Can someone make it clear for me the objective of summing and what it's benefits are?


----------



## bantam (Oct 25, 2009)

Sure,
Summing as in summing box is short for analog summing. It is used as an alternative to mixing in the box i.e.letting your daw mix your tracks together. you could for example have 8 mono tracks that you want to mix. you could mix them in your daw and bounce a stereo track or you could output each mono track into a summing box that acts as a line level mixer with no level or pan controls (this is done in the daw).

so why would anyone do this. well, same reason folks like to mix on analog consoles.. high headroom and no bits 'lost' by digital mixing. there is typically a makeup gain section too that can add color to the stereo signal as well. this is good for a hybrid approach to mixing. automation and recall in the box but analog signal path, mixbus, and color out of the box. i just use a console and get the same effect but its not nearly as spacesaving as a summing box. 

the dangerous dbox and black lion audio pm8 are both excellent


----------



## chonc (Jun 9, 2009)

Like I've said in other posts, I think that the weak sound of mixing Inside the box comes more of adding signals digitally and less from the DSP (plugins).

The sound and design of a lot of high end plug-ins has really pushed the limits in audio quality. Only the very best (and expensive) outboard gear surpasses a great plug-in.

So, my theory (and not only mine) about why a mix outside the box sounds better than a mix inside the box is the actual signal digital summing.

The workaround like bantam states is mixing in stems (so that you don't have to share the headroom of the vocals with the one of the drums for example) and mixing it outside the box, with a line mixer or summing box.

I've used 2 SSL's X-Rack 4-channel input modules then going through the stereo bus compressor module. It's a bit pricey, but a lot less than having a medium/large format console, and it does wonders for your mix!


----------



## immortalgropher (Feb 16, 2010)

I'm getting more interested in purchasing a summing box...however all I've got is an mbox 2 mini, so what would you guys suggest for me? I mix through busses one for drums, guitars, etc.

The more I'm trying to understand about summing the more it's becoming clear to me that all a summing box is is an analog path to keep that analog sound in a digital workstation.


----------



## ngarjuna (Mar 29, 2010)

Unless you can afford something fancy I wouldn't bother. My personal view is that it's not "analog summing" in and of itself that people prefer the sound of but rather the subtle (and beautiful) harmonics that you get out of a high end analog summing box.


----------



## spacedout (Dec 17, 2007)

I believe I once read in a Sound On Sound article that the supposed benefits of analogue summing are equally achievable by sending the entire mix through a quality piece of analogue hardware e.g. a stereo compressor, since all that's added is analogue distortion in any case (obviously, nice-sounding distortion, but distortion nevertheless). Could be wrong though...


----------



## chonc (Jun 9, 2009)

ngarjuna said:


> Unless you can afford something fancy I wouldn't bother. My personal view is that it's not "analog summing" in and of itself that people prefer the sound of but rather the subtle (and beautiful) harmonics that you get out of a high end analog summing box.

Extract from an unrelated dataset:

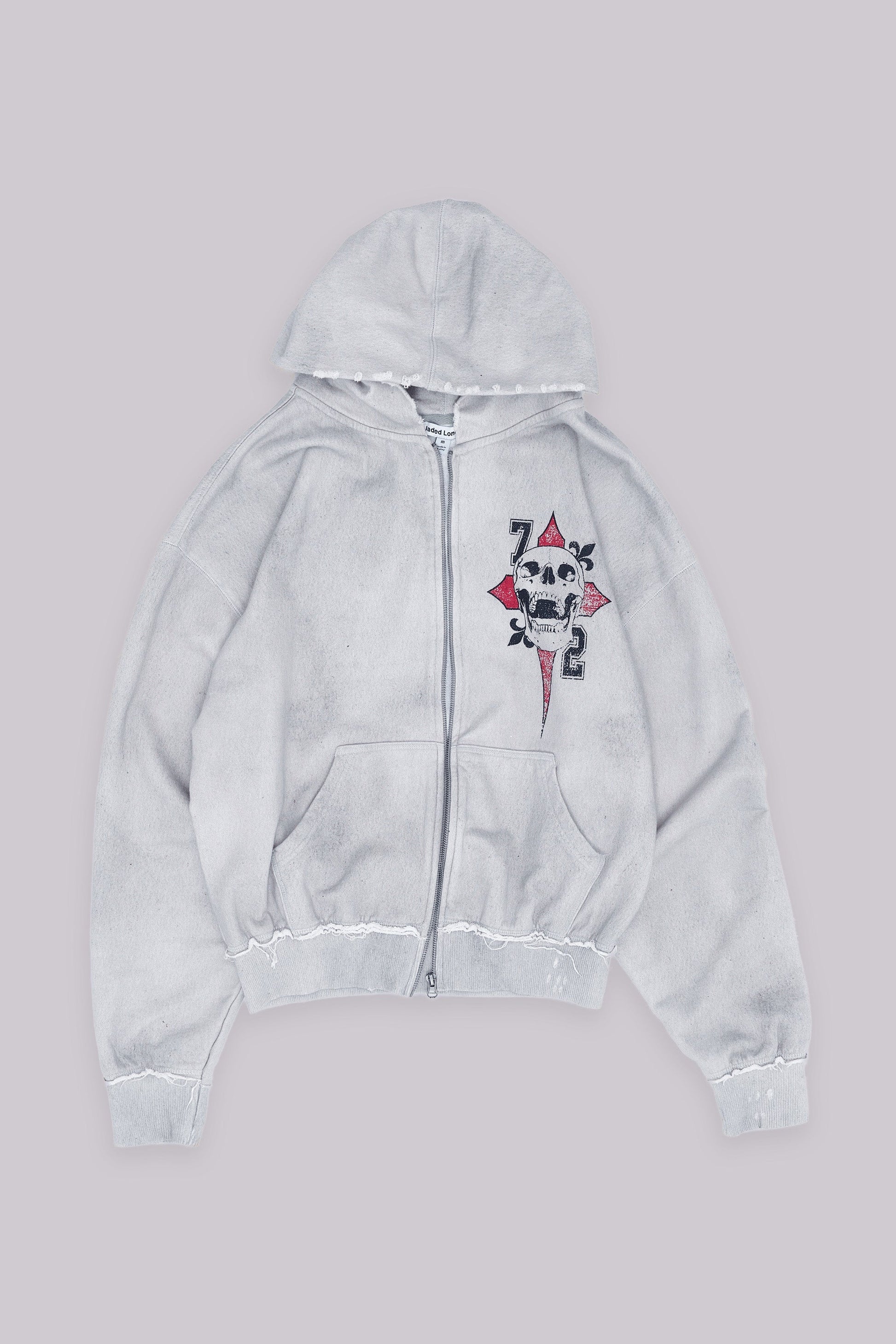 - Heavy garment wash with raw edge hem and cuffs

I agree if you are going to do the stem mixing/analog summing dance you're way better off with a high end line mixer or summing box. You do not only get rich harmonics that are pleasing to the ear, but your headroom also gets better, which is very important when summing different signals together.

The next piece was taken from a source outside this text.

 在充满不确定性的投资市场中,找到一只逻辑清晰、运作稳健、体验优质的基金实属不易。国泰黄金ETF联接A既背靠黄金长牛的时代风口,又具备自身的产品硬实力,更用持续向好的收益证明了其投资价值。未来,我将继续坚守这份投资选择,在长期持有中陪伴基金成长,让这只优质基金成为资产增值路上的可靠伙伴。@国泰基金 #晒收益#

The thing with the mbox mini is that I don't think you have too many independent outputs to do a stem mix to get the most benefit from summing signals in the analog realm.

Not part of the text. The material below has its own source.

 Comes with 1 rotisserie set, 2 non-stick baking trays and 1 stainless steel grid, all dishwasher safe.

Also, Spacedout is right: you get the analog "warmth" by processing you mix with a nice piece of analog equipment, but you are not summing the signals together in the gear you're using. The benefit of a summing box (or my theory of it anyway) is that if you do a separate stem of different instruments (Drums, Guitars, Bass, Singer, for example) you have a better digital "resolution" for each stem, and then if you do an analog mix of all these stems you get a richer tone because de mix is happening in an electric fashion, as opposed to a series of number calculations to deliver a representation of two or more signals mixing together.


----------



## immortalgropher (Feb 16, 2010)

Well do they just make stereo boxes? I could at least run stereo mixes through one. That was kinda what I was thinking of doing anyway, just add it at the end.


----------



## maikol (Nov 7, 2008)

AstralPlaneStudios said:


> Well do they just make stereo boxes? I could at least run stereo mixes through one. That was kinda what I was thinking of doing anyway, just add it at the end.


Do you mean just a stereo machine that you would send your miw through to get that "analog character"?

That does exist, in a large variety of ways.

EL's Fatso for example adds harmonics and tape saturation simulation.
Can't reckon at the moment, but there are others...


By the way, I haven't tried the last versions of software DAWs, so I couldn't say for sure I'd dislike their sound today regarding summing.
But, when I was thinking about how I would like to work at the mixing stage, I prefered the large format analog mixer way, because at that time their summing was really superior to what DAWs could do, but also because I really like the comfort it gives while mixing. And, there's what you can do with good analog EQs, and compressors, which at that time (again I haven't made a shootout since several years) seemed totally unusable in the plugins world.

And then of course there'e the "WOW" factor that a big desk always creates on customers!


----------



## tehguit (Jul 19, 2009)

To me analog summing is multiple sources, not just a stereo out.

I'm in the process of designing and budgeting for the B room at my studio.

A room has a SSL 4056 so thats our "summing box"... or just mixer in general.

But the room i'm designing will have a Avid Omni, so i'm slightly limited output wise.

I'll be running a stereo drum buss into a API 2500, Guitar Buss into a pair of LA3A's and everything else just bussed together and levels set in PT. From there the 6 stereo outputs will be going into a Black Lion Audio PM8, personally i would actually prefer to have a vocal buss as well, but beggars can't be choosers and an omni is 4 grand cheaper for a convenience that i don't "need" and its more just how i personally work.

From the PM8 i'll be dumping it into a SSL buss comp, Kush Audio Fatso, Kush audio Clariphonic eq thingy, Might build a pair of pultecs and strap that across whatever needs it, maybe the master buss.

So with all that combination, that should be enough analog processing for people who don't want to use the SSL.


BTW anyone who's on PTHD, you need to check out HEAT! That thing is amazing! Its not even subtle, things just sound better.


----------